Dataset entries
=== Section Start ===
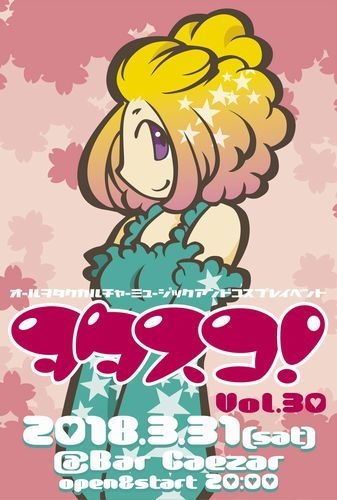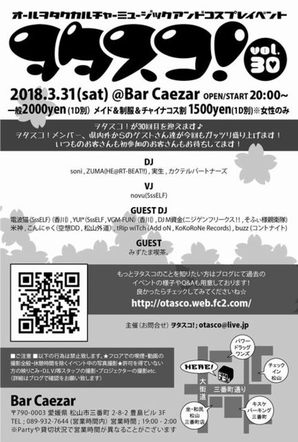 愛媛のアニソン系DJイベントヲタスコ!が30回目を迎えます♪ ヲタスコ!メンバーと県内外からのゲストさん達が今回もガッツリ盛り上げます! 女性のみ、ジャンル限定のコスプレ割引アリ! いつものお客さんも初参加のお客さんもお待ちしてます! http://otasco.blog.fc2.com/blog-entry-159.html ヲタスコ!vol.30】 ◆2018.3.31 (土) OPEN/START 20:00 ◆ticket:一般/\2000(1d別) メイド&制服&チャイナコス割/\1500(1d別)※女性のみ ◆会場:BarCaezar (松山市三番町2-8-2 豊島ビル3F) 出演 ◆DJ soni / ZUMA(HE
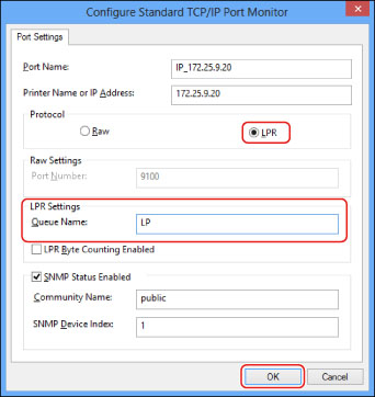 Select [LPR] in [Protocol] → enter the print queue name in [Queue Name] in [LPR Settings] → click [OK].
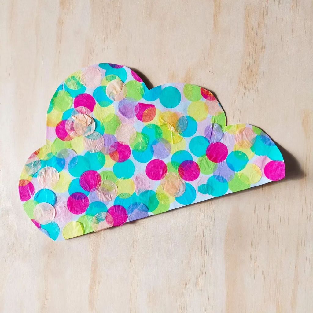 We used some cardboard for the cloud adding party confetti dots from a party dollar store ( @ronisretailstore )
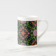Uma Caneca Chic Bone China Coffee, com um Padrão Floral Rangoli colorido num Fundo Negro. Parte da coleção Posh & Painterly 'Rangoli', este padrão irá ajustado qualquer caneca.
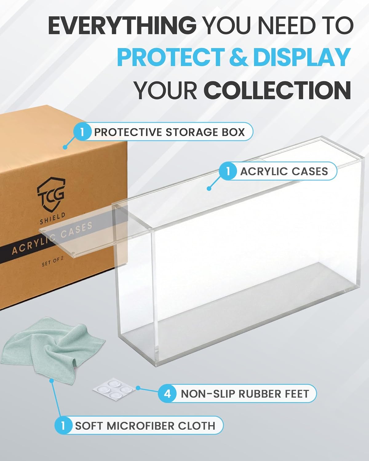 | Included Components | 1 Acrylic Display Box, 8 Attachable Rubber Feet, Microfibre Cleaning Cloth, Reusable Storage Box |
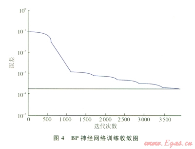 由圖4可知BP神經(jīng)網(wǎng)絡(luò)的收斂性良好,說(shuō)明程序的下一步預(yù)測(cè)有效。表3為BP神經(jīng)網(wǎng)絡(luò)預(yù)測(cè)值與實(shí)際值的對(duì)比和誤差。
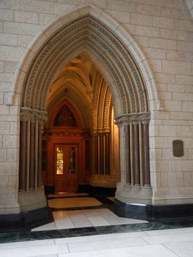 Pour visiter le Parlement d’Ottawa, c’est très simple : vous vous rendez dans l’office de l’autre côté de la rue, et on vous donne un bon pour l’horaire (et la langue je crois) qui vous convient et pour lequel il y a encore de la place, c’est gratuit ! La visite m’a enchantée ! Nous avons pu voir la magnifique bibliothèque qui a résisté à l’incendie du Parlement, d’immenses corridors, la chambre…
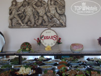 Здравствуйте,была в цезаре два раза,и собираемся этим летом в третий.Я и моя семья просто обожаем этот отель.Цена-качество-спокойствие,без помпезного пафоса,всё компактно и уютно.Напишу вам мои впечатления об отеле.Заселение-у нас всегда выпадает приезд на вечер-так что с заселением проблем никогда нет,заполнили бумаги и вперёд в номера.Номера отличные и просторные,есть где разгуляться),в Турции отдыхали 9 раз ( в Сиде и Белек и Кемер ),не во всех отелях такие большие по площади номера,бывало так что ходили трамвайчиком в проходах.У нас всегда заселение в главный корпус ( указывает Тур-агенг ) .Номера-убирают хорошо и регулярно,всегда есть банные принадлежности,бар пополняют каждый день.В ванной всегда у ребёнка отдельно привезённое с дома полотенце бамбуковое ),слава Богу уборщицы ни разу его с собой не захватывали,это радует). Территория и сам отель не большой,простой и компактный,всё близко и под руками,далеко ходить не нужно,территория чистенькая и ухоженная.Ресторан-еда вкусная и разнообразная.Любой человек голодный не останется,на обед вкусные супчики,горячее,салаты,выпечка,десерты,фрукты-что ещё нужно.Также всегда много разнообразной еды в Аля-картах и на пляже.Тарелки,вилки,скатерти-успевают менять всегда,проблем с этим я не видела.Персонал старается-молодцы!Сервис отличный как в отеле так и на пляже,никто не хамит,все приветливые и дружелюбные.Море и пляж-лежаков,матрасов достаточно,хватит всем когда бы не пришёл.Персонал убирает и следит за пляжем ( чисто ). Море-отличное для детей,пологое и до глубины нужно пройтись,на пляже и в море песок,гальки нет.В отеле есть сувенирные магазинчики,а так же рядом с отелем отличный базар можно скупиться чего душа желает.Кто в думает ехать ли в этот отель и сомневается - езжайте и не пожалеете.Цена-качество полностью себя оправдывает.Я скажу так были в разных отелях и разной ценовой категории,и от некоторых есть разочарование,но про этот отель я так сказать не могу.Душа лежит,полюбила его,так как не видела я в нём недостатков,поэтому и еду к вам Цезарь снова,ещё и везу с собой большую семью)),и надеюсь на хорошее приветствие и хороший отдых,и тогда обязательно мы вернёмся опять же к вам!!!По возвращению напишу отзыв или что-нибудь поменялось!
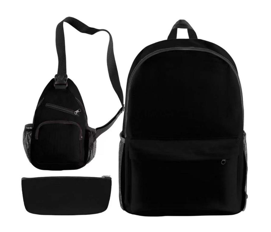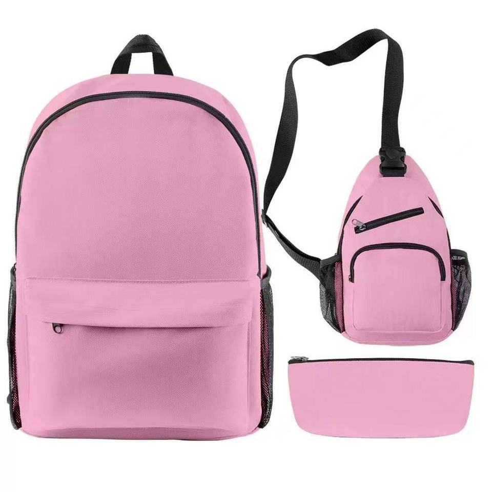 Mochila caliente de tres piezas para estudiantes con forro de nailon, logotipo de impresión opcional multicolor, bolsa de lápiz cruzada, bolsa de viaje de almacenamiento
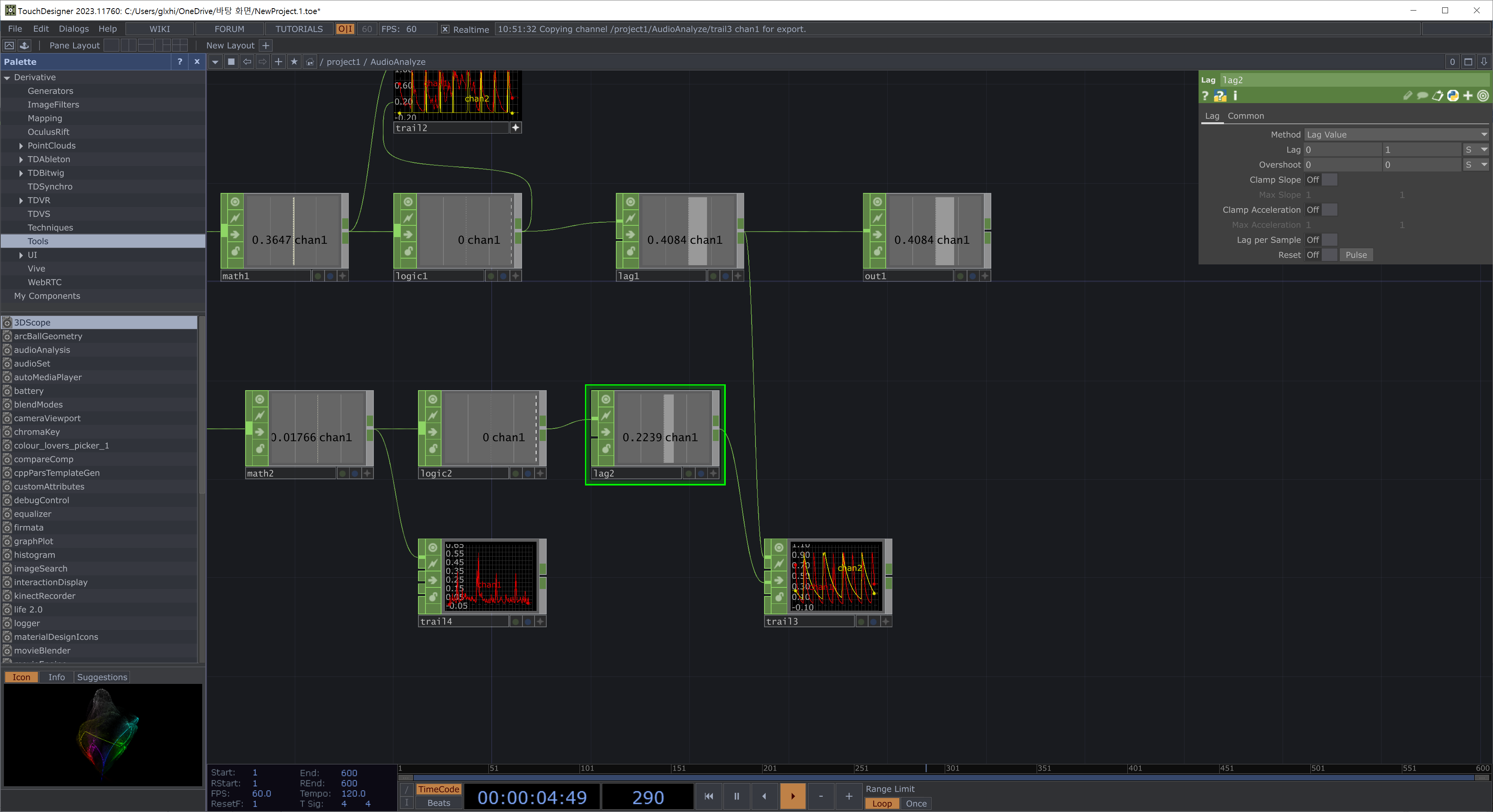 오디오 시각화에서 Lag노드는 필수임
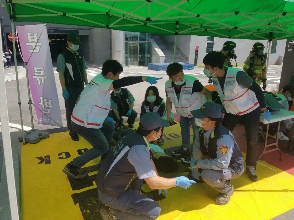 혁신도시내 관광공사 정문에서 민.관,군 합동의 화재발생시 대처요령및 진압에 대한 훈련을 실시 하였습니다.
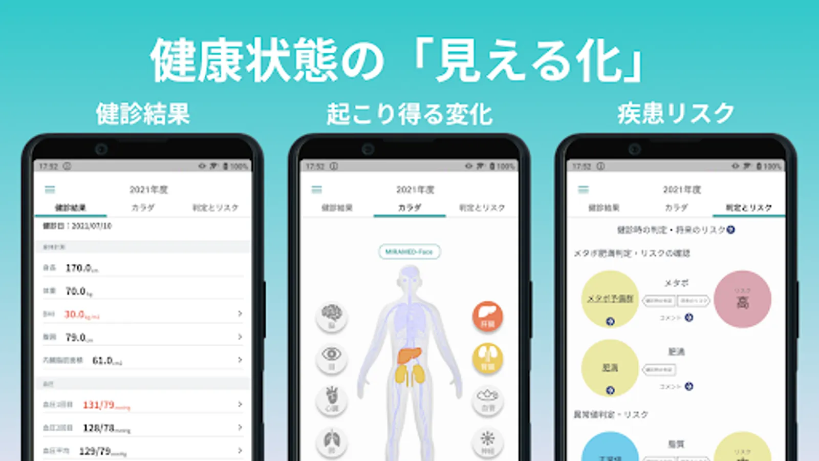 Health-related information such as health checkup results and lifestyle-related questionnaires is analyzed using unique algorithms such as AI, and the current or future state of body parts and disease risks that are likely to cause changes related to lifestyle-related diseases is displayed graphically. .. This kind of "visualization" promotes awareness and understanding of one's health condition, which is difficult to understand from the numerical values of the medical examination results alone. Being self-motivated motivates behavior change and supports the continuation of lifestyle improvement.
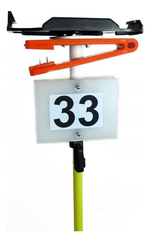 Lekki stojak do biegów na orientację wykonany z włókna szklanego, wyposażony w klasyczny perforator, uchwyt na stację SportIdent (SI) oraz tabliczkę na numer Punktu Kontrolnego (PK)
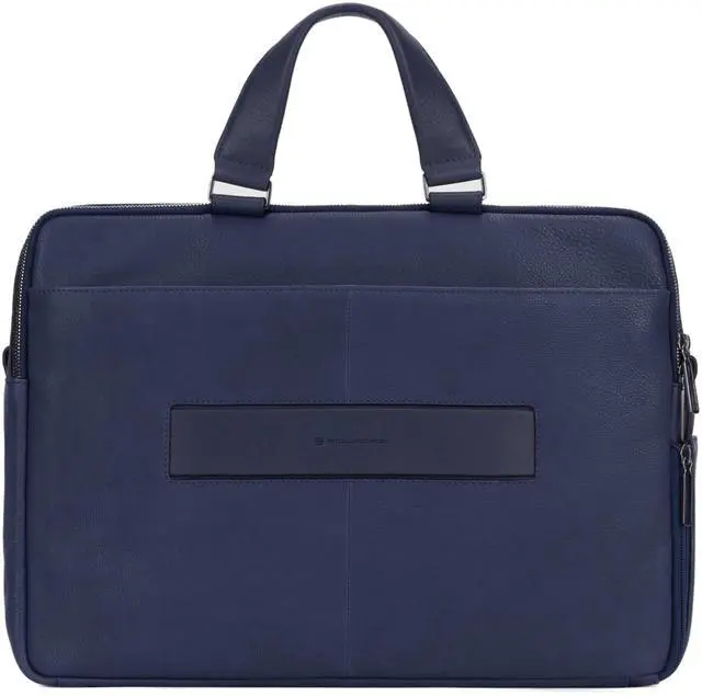 Piquadro work bag in sturdy leather with a modern and linear design. The bag features two spacious main compartments with padded laptop and tablet compartment and numerous side compartments for valuables, documents, cell phone, pens and more, plus several other front pockets for better organization. A support allows it to be attached to the extractable handle of a trolley. The practical yet elegant companion for everyday work or business trips.
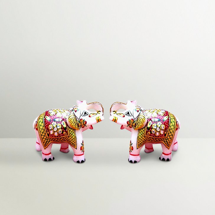 Chitra Handicraft Marble Elephant Multicolor Pair
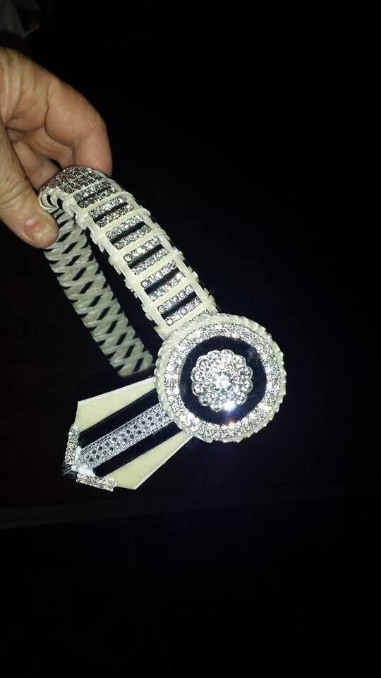 A Cream Swiss velvet is wound around the band. A 3mm Black and a 3mm cream velvet ribbon are used alternatively to weave a six-row silver crystal chain. A 3mm cream ribbon is used to weave a border on each edge of the band. The rosette has cream and Black pleated ribbon with a double silver ring to border the rosette, finishing with a floral crystal center. The flag is bordered with cream and black velvet with a rhinestone ribbon in the center.
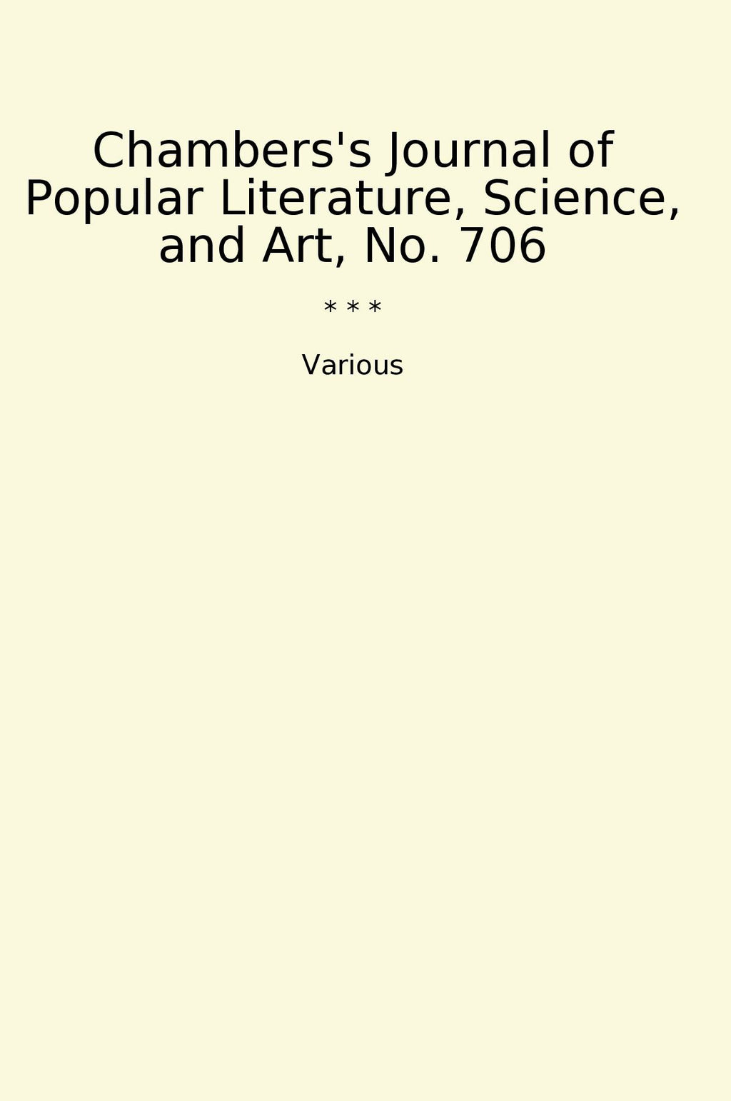 Chambers's Journal of Popular Literature, Science, and Art, No. 706 is a classic publication that offers a diverse range of content including literature, science, and art. This issue features a collection of engaging and informative articles that cover various topics of interest to readers. From thought-provoking essays to captivating fiction stories, this journal provides a well-rounded reading experience for those looking to expand their knowledge and enjoy quality writing. Whether you are interested in the latest scientific discoveries, exploring new works of art, or simply seeking to be entertained by engaging stories, Chambers's Journal delivers a mix of content that is both educational and entertaining. This timeless publication continues to captivate readers with its rich array of material that appeals to a wide audience.
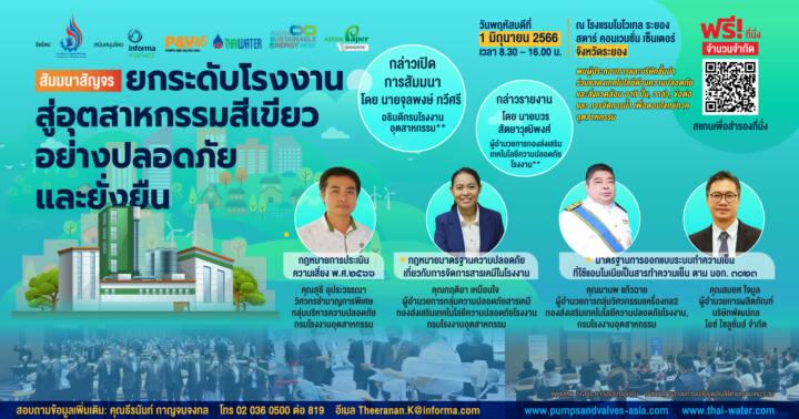 กรมโรงงานอุตสาหกรรม และ อินฟอร์มา มาร์เก็ตส์ เชิญชวนเข้าร่วมฟังงานสัมมนาฟรี ในหัวข้อ “ยกระดับโรงงานสู่อุตสาหกรรมสีเขียวอย่างปลอดภัยและยั่งยืน” ร่วมการบรรยายและเสวนาโดยตัวแทนจาก กองส่งเสริมเทคโนโลยีความปลอดภัยโรงงาน กรมโรงงานอุตสาหกรรม สัมมนานี้จะจัดขึ้นวันพฤหัสบดีที่ 1 มิถุนายน 2566 เวลา 8.30 – 11.00 น. ณ โรงแรมโนโวเทล ระยอง สตาร์ คอนเวนชั่น เซ็นเตอร์ จังหวัดระยอง ผู้สนใจเข้าร่วมฟังสัมมนาสามารถติดต่อ ขอข้อมูลเพิ่มเติมได้ที่ คุณธีรนันท์ กาญจนจงกล โทร (0) 2 036 0500 ต่อ 819 อีเมล Theeranan.k@informa.com ลงทะเบียนเข้าร่วมงานฟังสัมมนาฟรีได้ที่ www.pumpsandvalves-asia.com
=== Section End ===
● TASK DETAILS
A word-for-word reproduction is needed of the lines above from the line containing "Health-related information such" through the line containing "A Cream Swiss", with both ends kept and no pictures.

● TASK ANSWER
 Health-related information such as health checkup results and lifestyle-related questionnaires is analyzed using unique algorithms such as AI, and the current or future state of body parts and disease risks that are likely to cause changes related to lifestyle-related diseases is displayed graphically. .. This kind of "visualization" promotes awareness and understanding of one's health condition, which is difficult to understand from the numerical values of the medical examination results alone. Being self-motivated motivates behavior change and supports the continuation of lifestyle improvement.
 Lekki stojak do biegów na orientację wykonany z włókna szklanego, wyposażony w klasyczny perforator, uchwyt na stację SportIdent (SI) oraz tabliczkę na numer Punktu Kontrolnego (PK)
 Piquadro work bag in sturdy leather with a modern and linear design. The bag features two spacious main compartments with padded laptop and tablet compartment and numerous side compartments for valuables, documents, cell phone, pens and more, plus several other front pockets for better organization. A support allows it to be attached to the extractable handle of a trolley. The practical yet elegant companion for everyday work or business trips.
 Chitra Handicraft Marble Elephant Multicolor Pair
 A Cream Swiss velvet is wound around the band. A 3mm Black and a 3mm cream velvet ribbon are used alternatively to weave a six-row silver crystal chain. A 3mm cream ribbon is used to weave a border on each edge of the band. The rosette has cream and Black pleated ribbon with a double silver ring to border the rosette, finishing with a floral crystal center. The flag is bordered with cream and black velvet with a rhinestone ribbon in the center.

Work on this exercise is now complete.